■ Material for this exercise:
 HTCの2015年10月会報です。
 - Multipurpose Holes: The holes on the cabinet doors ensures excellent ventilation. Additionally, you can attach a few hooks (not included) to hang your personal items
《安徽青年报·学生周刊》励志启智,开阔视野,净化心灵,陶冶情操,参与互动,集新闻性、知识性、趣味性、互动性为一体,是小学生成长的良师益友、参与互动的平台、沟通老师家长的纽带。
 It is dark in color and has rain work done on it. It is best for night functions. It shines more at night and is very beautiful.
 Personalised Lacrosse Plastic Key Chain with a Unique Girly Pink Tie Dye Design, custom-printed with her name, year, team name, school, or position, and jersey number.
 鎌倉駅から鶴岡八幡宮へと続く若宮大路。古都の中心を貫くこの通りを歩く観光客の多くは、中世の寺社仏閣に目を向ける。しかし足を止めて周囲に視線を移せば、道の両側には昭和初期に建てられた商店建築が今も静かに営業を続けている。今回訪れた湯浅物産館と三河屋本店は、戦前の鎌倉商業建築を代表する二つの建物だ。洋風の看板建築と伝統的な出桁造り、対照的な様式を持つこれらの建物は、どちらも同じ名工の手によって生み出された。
---
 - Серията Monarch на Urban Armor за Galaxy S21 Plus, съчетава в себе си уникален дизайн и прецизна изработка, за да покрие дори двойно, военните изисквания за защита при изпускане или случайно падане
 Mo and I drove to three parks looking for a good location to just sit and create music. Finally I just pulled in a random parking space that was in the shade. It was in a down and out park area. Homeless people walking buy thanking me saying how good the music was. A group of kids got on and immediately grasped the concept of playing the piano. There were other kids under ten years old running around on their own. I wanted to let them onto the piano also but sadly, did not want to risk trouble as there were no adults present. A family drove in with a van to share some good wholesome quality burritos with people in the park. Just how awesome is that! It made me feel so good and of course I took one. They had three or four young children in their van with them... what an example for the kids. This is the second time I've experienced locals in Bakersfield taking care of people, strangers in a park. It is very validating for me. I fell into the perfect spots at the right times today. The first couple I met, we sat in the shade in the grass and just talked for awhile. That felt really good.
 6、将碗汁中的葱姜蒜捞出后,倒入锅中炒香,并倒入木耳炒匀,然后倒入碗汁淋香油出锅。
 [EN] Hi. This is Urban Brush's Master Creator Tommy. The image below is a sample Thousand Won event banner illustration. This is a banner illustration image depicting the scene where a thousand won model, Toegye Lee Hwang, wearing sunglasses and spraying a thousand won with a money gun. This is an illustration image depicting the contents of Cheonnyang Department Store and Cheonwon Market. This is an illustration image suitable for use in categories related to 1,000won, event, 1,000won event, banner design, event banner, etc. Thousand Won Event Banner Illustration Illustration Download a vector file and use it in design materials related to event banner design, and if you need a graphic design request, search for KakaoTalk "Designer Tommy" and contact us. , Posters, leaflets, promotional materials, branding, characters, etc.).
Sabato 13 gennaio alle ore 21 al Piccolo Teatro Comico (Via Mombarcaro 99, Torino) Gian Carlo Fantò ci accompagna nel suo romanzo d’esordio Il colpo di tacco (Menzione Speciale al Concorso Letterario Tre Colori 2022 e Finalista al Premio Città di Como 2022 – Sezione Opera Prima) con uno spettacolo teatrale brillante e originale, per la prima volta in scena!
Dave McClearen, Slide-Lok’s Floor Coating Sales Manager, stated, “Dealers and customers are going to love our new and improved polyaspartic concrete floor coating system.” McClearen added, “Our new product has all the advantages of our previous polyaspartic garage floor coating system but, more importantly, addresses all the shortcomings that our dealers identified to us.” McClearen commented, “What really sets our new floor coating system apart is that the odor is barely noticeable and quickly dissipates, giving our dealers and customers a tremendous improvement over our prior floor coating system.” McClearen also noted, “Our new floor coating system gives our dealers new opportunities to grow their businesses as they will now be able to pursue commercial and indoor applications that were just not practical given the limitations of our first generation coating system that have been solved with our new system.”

■ Exercise goal: Starting at the line above that holds "- Multipurpose Holes: The" and ending at the line that holds "It is dark in", transcribe each line exactly and include no other lines.

■ Answer to this exercise:
 - Multipurpose Holes: The holes on the cabinet doors ensures excellent ventilation. Additionally, you can attach a few hooks (not included) to hang your personal items
《安徽青年报·学生周刊》励志启智,开阔视野,净化心灵,陶冶情操,参与互动,集新闻性、知识性、趣味性、互动性为一体,是小学生成长的良师益友、参与互动的平台、沟通老师家长的纽带。
 It is dark in color and has rain work done on it. It is best for night functions. It shines more at night and is very beautiful.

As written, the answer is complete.